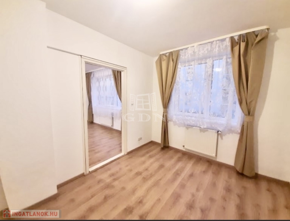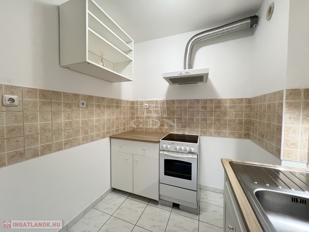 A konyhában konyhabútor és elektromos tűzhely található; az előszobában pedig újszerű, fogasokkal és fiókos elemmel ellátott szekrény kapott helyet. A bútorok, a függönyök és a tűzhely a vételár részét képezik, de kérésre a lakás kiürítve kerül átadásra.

═══

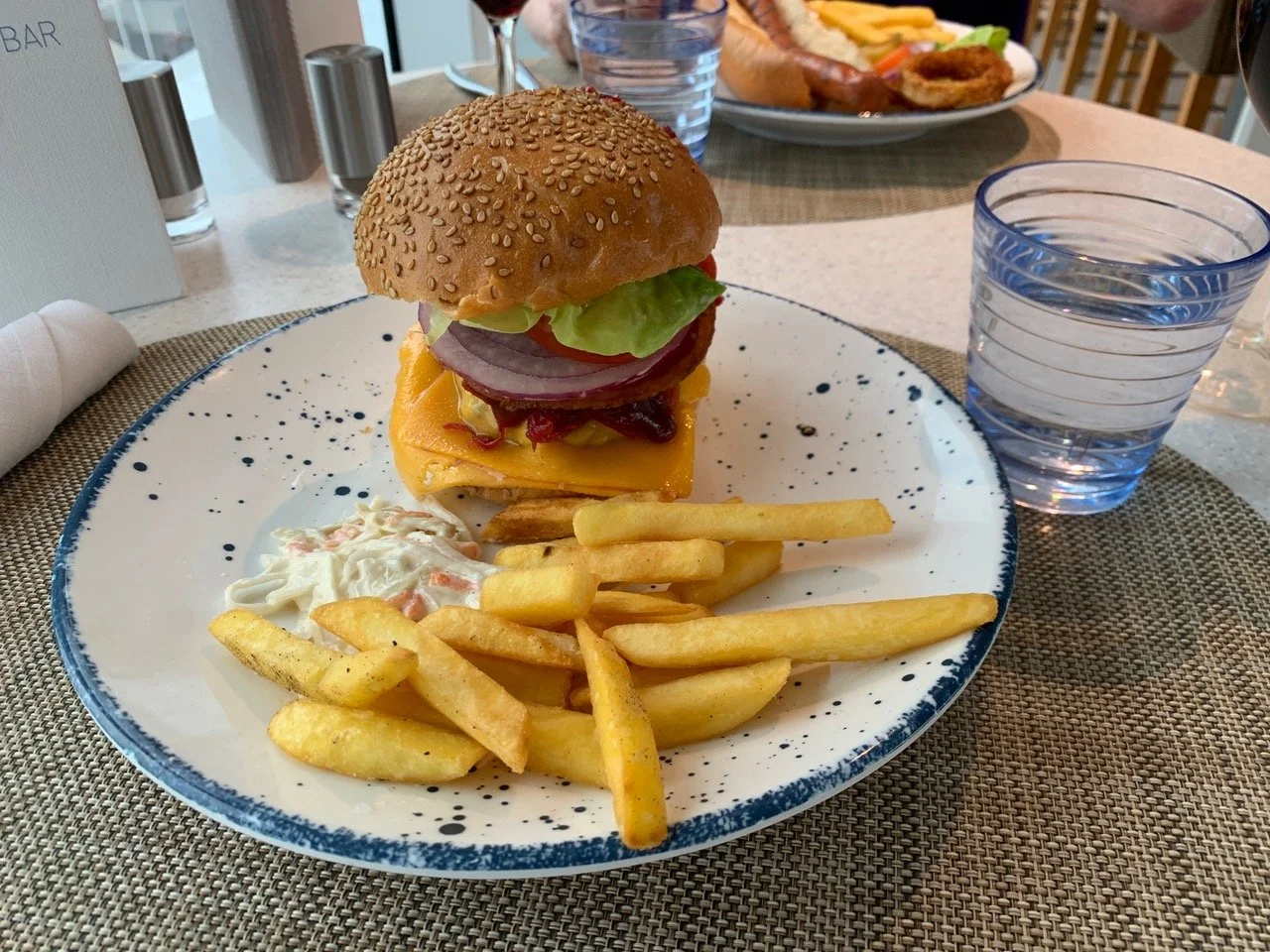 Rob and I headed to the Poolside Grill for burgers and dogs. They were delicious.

═══

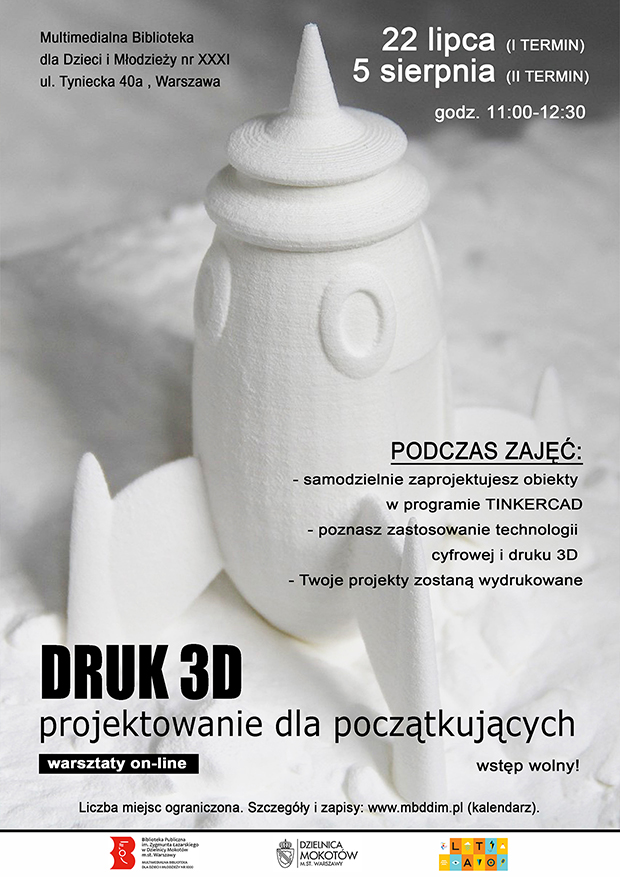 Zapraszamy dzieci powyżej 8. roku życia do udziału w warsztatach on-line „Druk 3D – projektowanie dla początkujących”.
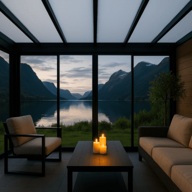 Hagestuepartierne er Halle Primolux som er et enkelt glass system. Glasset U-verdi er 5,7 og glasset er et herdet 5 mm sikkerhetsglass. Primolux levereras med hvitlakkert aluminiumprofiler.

═══

ACTION ITEM — All lines above from the one containing "Zapraszamy dzieci powyżej" up to and including the one containing "Hagestuepartierne er Halle" are to be set down exactly, and nothing else. Leave images out.

REPLY —
 Zapraszamy dzieci powyżej 8. roku życia do udziału w warsztatach on-line „Druk 3D – projektowanie dla początkujących”.
 Hagestuepartierne er Halle Primolux som er et enkelt glass system. Glasset U-verdi er 5,7 og glasset er et herdet 5 mm sikkerhetsglass. Primolux levereras med hvitlakkert aluminiumprofiler.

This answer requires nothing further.